Now it’s up to Congress
to protect patients’ rights


THE ISSUE

The U.S. Supreme Court has struck down state laws that allowed patients to sue HMOs for denial of prescribed treatment.


PATIENTS were dealt a blow by the U.S. Supreme Court's rejection of state laws allowing them to sue managed-care programs for damages resulting from refusal to cover treatment prescribed by a doctor.

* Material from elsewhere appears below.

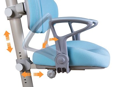 Независимая регулировка высоты сиденья и спинки, а также глубины посадки позволяет адаптировать кресло под индивидуальные особенности фигуры ребенка и корректировать настройки по мере его роста. Важным дополнением к креслу является наличие съемных откидных подлокотников. При необходимости подлокотники можно легко снять и потом так же легко снова закрепить на каркасе кресла.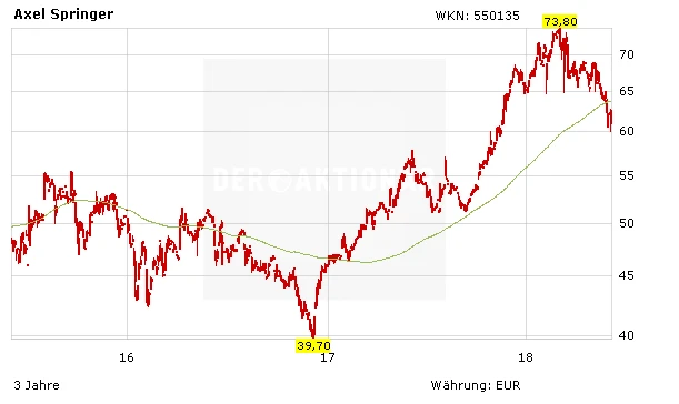 Als Konsequenz müsse der Medienkonzern stärker in Technologie und Marketing investieren oder versuchen, durch Übernahmen weiter zu wachsen. Dies berge jedoch Risiken für die Gewinnentwicklung, so Diebel. In der Folge hat er die Springer-Aktie von „Overweight“ auf „Neutral“ abgestuft und das Kursziel von 76 auf 66 Euro gesenkt.

The decision should prompt Congress to fill what Justice Ruth Bader Ginsburg called the "regulatory vacuum" caused by the ruling, requiring compromise by both sides of the issue.

The court struck down the laws of Texas and nine other states -- not Hawaii -- that allowed members of employment-related health maintenance organizations to sue the insurers for medical malpractice. The justices ruled unanimously that the state laws are pre-empted by the 1974 Employee Retirement Income Security Act, or ERISA, which allows patients to sue insurers in federal court for reimbursement of denied benefits, but not for damages caused by the denial.

In one case considered by the court, a health plan manager provided a woman a one-day hospital stay after a hysterectomy; her doctor had recommended a longer stay, and the patient had to return to the emergency room because of medical complications at home. In the other case, the HMO rejected a doctor's prescription of medicine for treatment of arthritis and other problems in favor of cheaper drugs, which resulted in complications.

The remedy is to remove this unreasonable shelter for HMOs from lawsuits because of medical decisions forced upon doctors and patients. The concept of such a "patients' bill of rights" has received strong bipartisan support, but the failure to reconcile differences led to the collapse of the legislation three years ago.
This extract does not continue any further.